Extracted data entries
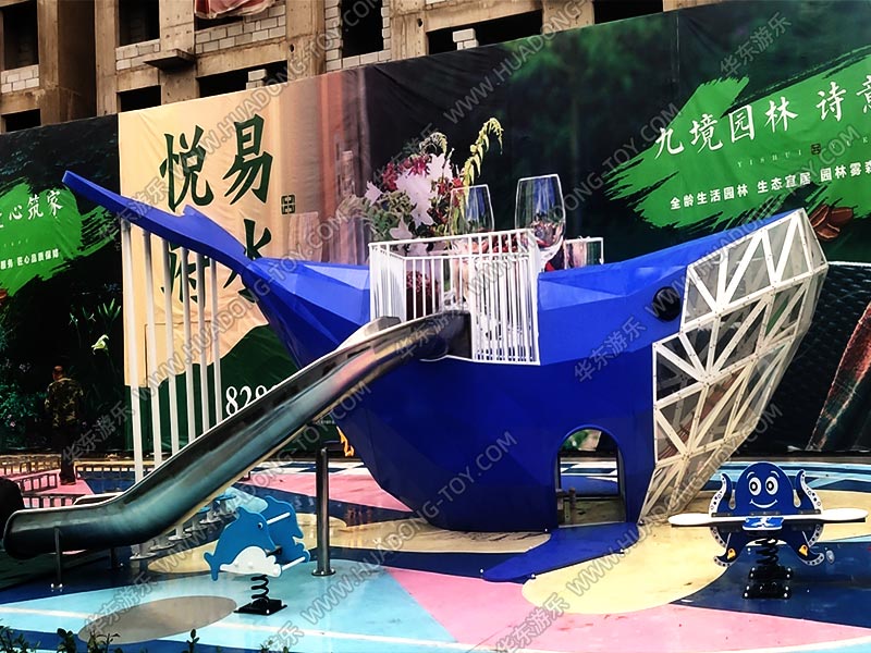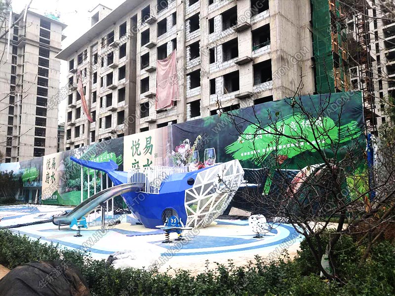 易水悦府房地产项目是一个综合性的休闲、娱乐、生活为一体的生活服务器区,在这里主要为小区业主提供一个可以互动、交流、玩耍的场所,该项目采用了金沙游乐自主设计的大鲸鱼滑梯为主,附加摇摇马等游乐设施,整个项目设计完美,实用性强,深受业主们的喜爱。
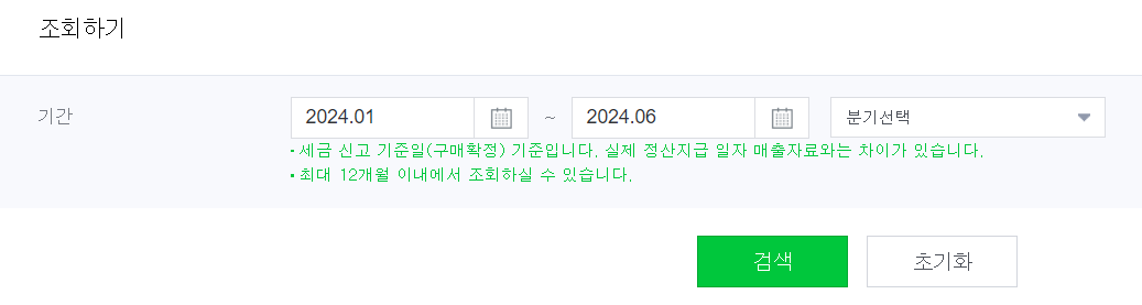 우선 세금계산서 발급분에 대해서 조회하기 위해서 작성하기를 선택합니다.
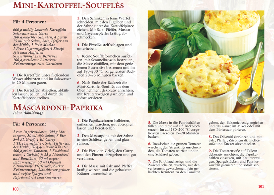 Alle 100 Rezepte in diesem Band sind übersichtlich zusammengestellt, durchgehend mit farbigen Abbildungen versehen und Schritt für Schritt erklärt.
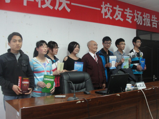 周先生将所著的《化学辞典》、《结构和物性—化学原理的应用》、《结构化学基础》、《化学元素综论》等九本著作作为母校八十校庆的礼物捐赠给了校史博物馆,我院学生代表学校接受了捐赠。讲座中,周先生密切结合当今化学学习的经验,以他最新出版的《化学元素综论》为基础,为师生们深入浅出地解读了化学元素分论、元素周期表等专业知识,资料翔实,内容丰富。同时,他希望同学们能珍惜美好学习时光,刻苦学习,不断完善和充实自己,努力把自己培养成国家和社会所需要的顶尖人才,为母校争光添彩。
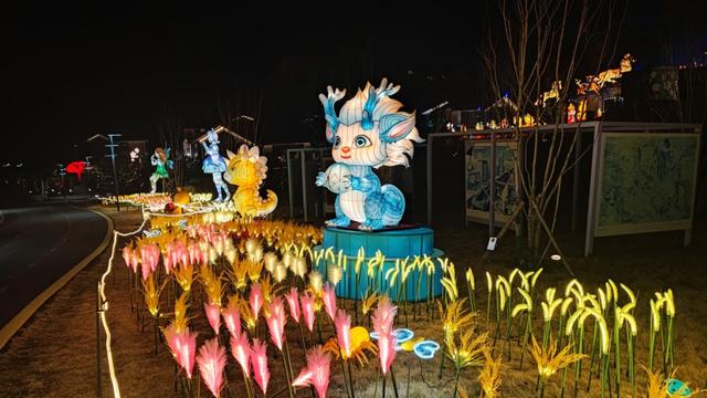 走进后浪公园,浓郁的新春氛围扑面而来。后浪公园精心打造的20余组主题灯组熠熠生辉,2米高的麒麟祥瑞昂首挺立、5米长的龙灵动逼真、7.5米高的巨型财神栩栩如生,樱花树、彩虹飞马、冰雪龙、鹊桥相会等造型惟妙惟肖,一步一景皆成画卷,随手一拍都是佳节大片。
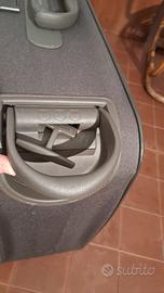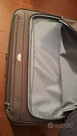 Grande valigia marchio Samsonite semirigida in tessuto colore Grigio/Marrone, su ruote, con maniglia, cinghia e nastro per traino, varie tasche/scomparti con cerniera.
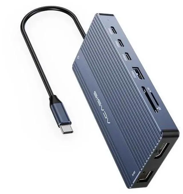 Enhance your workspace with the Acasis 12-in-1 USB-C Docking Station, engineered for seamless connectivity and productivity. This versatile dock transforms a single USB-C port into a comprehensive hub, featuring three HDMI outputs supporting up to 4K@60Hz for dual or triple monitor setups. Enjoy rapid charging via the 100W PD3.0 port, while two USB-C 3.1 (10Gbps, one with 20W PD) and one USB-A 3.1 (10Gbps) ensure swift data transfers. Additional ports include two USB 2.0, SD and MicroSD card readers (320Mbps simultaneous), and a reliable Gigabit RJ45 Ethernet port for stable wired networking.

Task item
Set the pictures aside and restate word for word only the lines from the line containing "走进后浪公园,浓郁的新春氛围" through the end of the entries above, both included.

Answer section
 走进后浪公园,浓郁的新春氛围扑面而来。后浪公园精心打造的20余组主题灯组熠熠生辉,2米高的麒麟祥瑞昂首挺立、5米长的龙灵动逼真、7.5米高的巨型财神栩栩如生,樱花树、彩虹飞马、冰雪龙、鹊桥相会等造型惟妙惟肖,一步一景皆成画卷,随手一拍都是佳节大片。
 Grande valigia marchio Samsonite semirigida in tessuto colore Grigio/Marrone, su ruote, con maniglia, cinghia e nastro per traino, varie tasche/scomparti con cerniera.
 Enhance your workspace with the Acasis 12-in-1 USB-C Docking Station, engineered for seamless connectivity and productivity. This versatile dock transforms a single USB-C port into a comprehensive hub, featuring three HDMI outputs supporting up to 4K@60Hz for dual or triple monitor setups. Enjoy rapid charging via the 100W PD3.0 port, while two USB-C 3.1 (10Gbps, one with 20W PD) and one USB-A 3.1 (10Gbps) ensure swift data transfers. Additional ports include two USB 2.0, SD and MicroSD card readers (320Mbps simultaneous), and a reliable Gigabit RJ45 Ethernet port for stable wired networking.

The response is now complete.